[Opening RECORDS PROVIDED section]

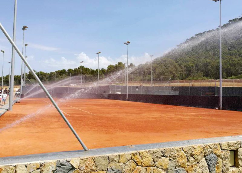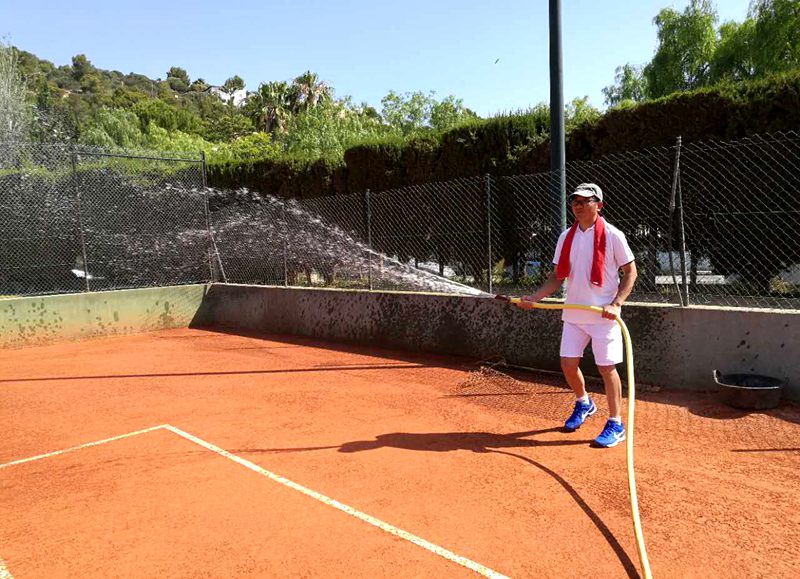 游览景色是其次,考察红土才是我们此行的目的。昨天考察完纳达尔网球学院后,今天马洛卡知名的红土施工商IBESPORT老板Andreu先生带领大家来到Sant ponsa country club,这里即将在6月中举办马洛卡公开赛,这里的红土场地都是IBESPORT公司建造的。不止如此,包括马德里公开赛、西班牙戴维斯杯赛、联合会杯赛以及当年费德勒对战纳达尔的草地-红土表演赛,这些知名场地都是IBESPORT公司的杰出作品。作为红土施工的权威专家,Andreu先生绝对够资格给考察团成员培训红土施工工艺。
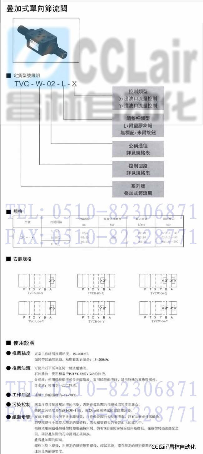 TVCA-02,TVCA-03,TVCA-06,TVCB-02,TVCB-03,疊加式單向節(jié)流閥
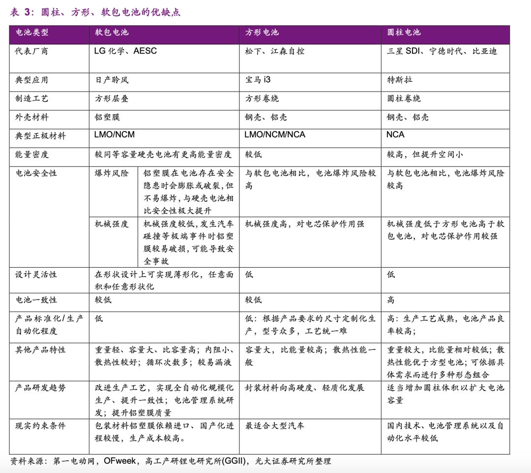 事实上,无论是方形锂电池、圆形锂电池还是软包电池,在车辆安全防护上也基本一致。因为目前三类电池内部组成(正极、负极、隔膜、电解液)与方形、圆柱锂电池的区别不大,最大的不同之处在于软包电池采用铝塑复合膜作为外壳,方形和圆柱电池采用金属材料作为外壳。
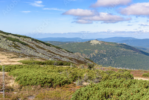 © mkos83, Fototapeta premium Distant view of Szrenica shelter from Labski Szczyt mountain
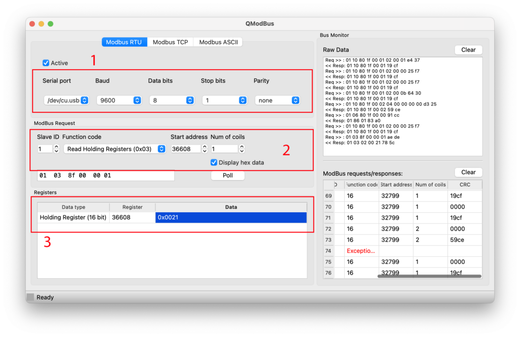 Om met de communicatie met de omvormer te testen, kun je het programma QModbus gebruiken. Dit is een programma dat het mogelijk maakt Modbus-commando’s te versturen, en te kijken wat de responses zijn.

[Closing RECORDS PROVIDED section]
[Opening RECORDS PROVIDED section]

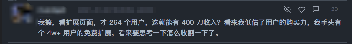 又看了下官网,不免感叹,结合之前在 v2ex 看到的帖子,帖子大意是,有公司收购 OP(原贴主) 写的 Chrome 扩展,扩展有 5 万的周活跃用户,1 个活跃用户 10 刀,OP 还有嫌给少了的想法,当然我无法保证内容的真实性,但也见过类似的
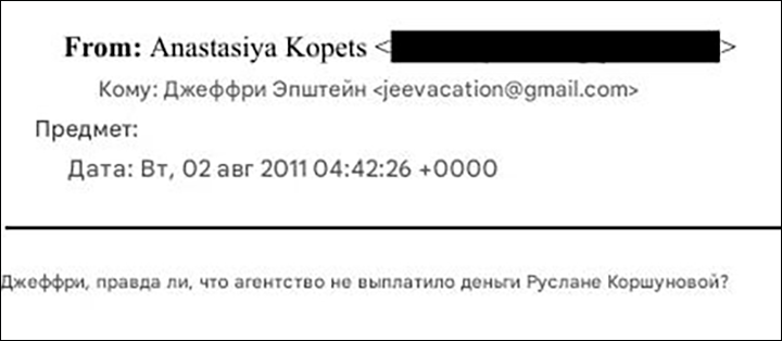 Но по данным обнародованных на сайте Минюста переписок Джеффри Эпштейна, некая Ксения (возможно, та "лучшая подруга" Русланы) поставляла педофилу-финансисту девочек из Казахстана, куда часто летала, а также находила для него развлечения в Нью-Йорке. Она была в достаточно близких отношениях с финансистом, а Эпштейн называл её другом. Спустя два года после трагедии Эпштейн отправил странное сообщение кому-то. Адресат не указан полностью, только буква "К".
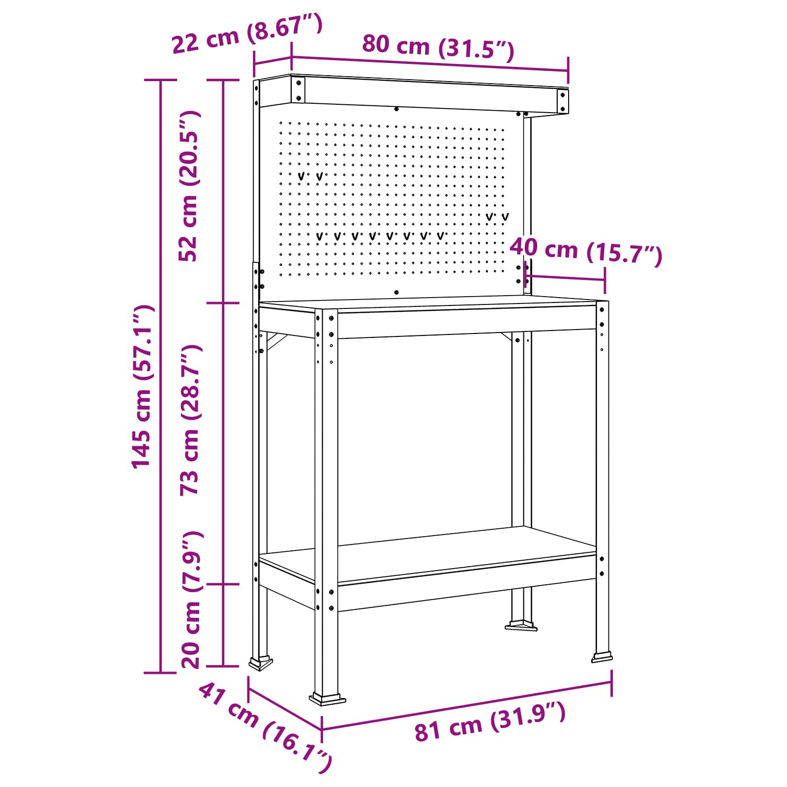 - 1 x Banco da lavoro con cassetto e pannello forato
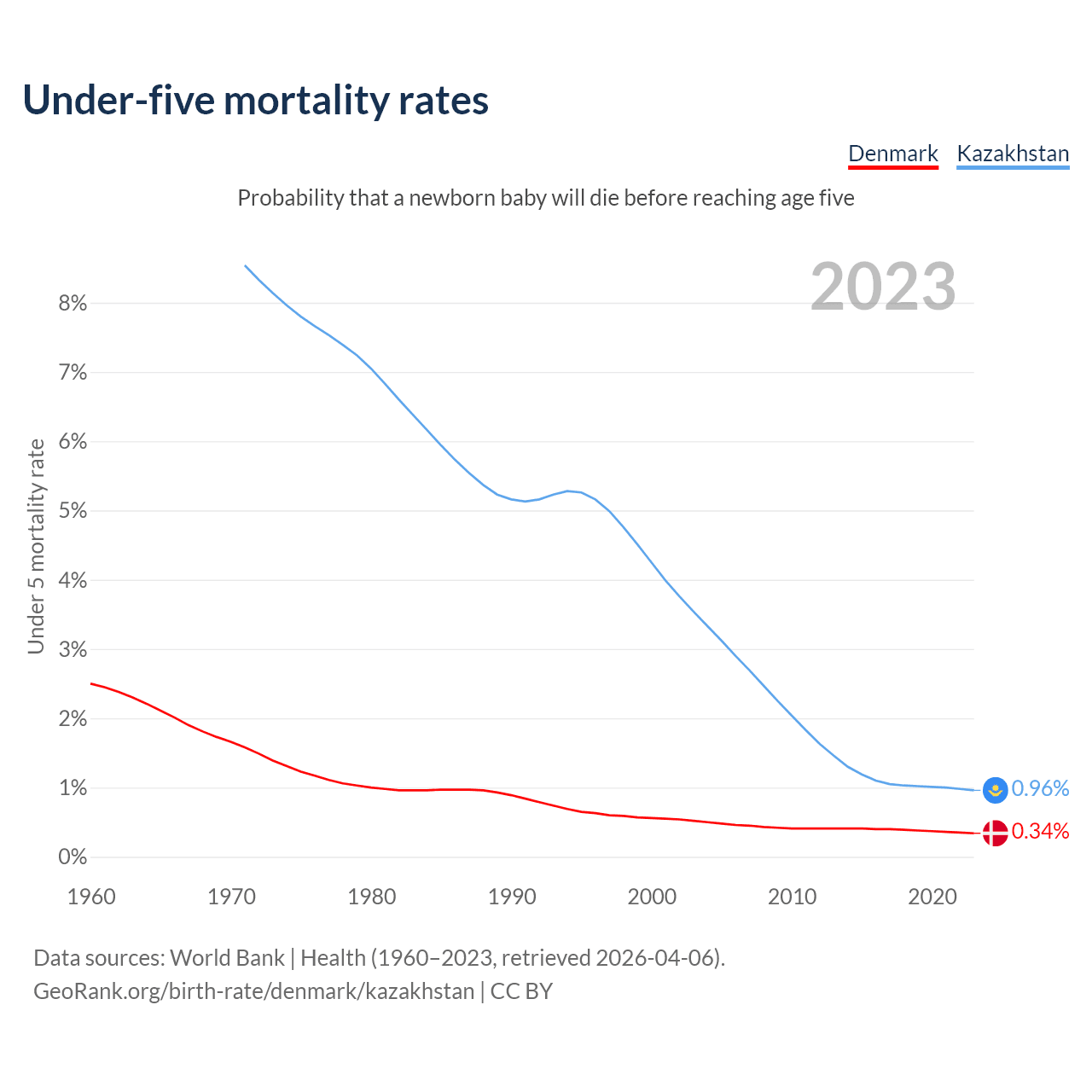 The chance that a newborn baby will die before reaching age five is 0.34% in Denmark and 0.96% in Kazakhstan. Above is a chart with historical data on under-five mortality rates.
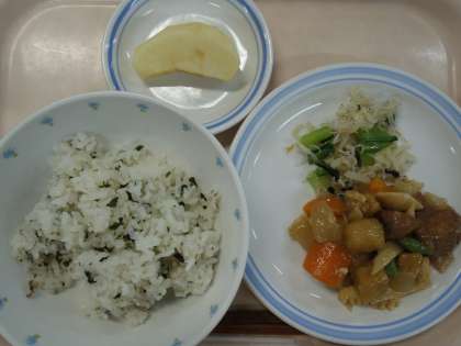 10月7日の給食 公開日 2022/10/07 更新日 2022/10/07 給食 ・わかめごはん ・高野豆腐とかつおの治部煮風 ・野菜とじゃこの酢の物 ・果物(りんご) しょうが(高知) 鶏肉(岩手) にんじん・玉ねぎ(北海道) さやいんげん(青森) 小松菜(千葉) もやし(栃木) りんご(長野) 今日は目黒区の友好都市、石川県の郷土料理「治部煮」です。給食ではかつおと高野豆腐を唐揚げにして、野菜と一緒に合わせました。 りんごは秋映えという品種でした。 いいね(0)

[Closing RECORDS PROVIDED section]

§ **WHAT IS EXPECTED**
Above are entries with pictures among them. Write out exactly the lines from the one containing "Но по данным" through the one containing "10月7日の給食 公開日 2022/10/07", ends included, and leave those pictures out.

§ **SOLUTION TO THIS PROBLEM**
 Но по данным обнародованных на сайте Минюста переписок Джеффри Эпштейна, некая Ксения (возможно, та "лучшая подруга" Русланы) поставляла педофилу-финансисту девочек из Казахстана, куда часто летала, а также находила для него развлечения в Нью-Йорке. Она была в достаточно близких отношениях с финансистом, а Эпштейн называл её другом. Спустя два года после трагедии Эпштейн отправил странное сообщение кому-то. Адресат не указан полностью, только буква "К".
 - 1 x Banco da lavoro con cassetto e pannello forato
 The chance that a newborn baby will die before reaching age five is 0.34% in Denmark and 0.96% in Kazakhstan. Above is a chart with historical data on under-five mortality rates.
 10月7日の給食 公開日 2022/10/07 更新日 2022/10/07 給食 ・わかめごはん ・高野豆腐とかつおの治部煮風 ・野菜とじゃこの酢の物 ・果物(りんご) しょうが(高知) 鶏肉(岩手) にんじん・玉ねぎ(北海道) さやいんげん(青森) 小松菜(千葉) もやし(栃木) りんご(長野) 今日は目黒区の友好都市、石川県の郷土料理「治部煮」です。給食ではかつおと高野豆腐を唐揚げにして、野菜と一緒に合わせました。 りんごは秋映えという品種でした。 いいね(0)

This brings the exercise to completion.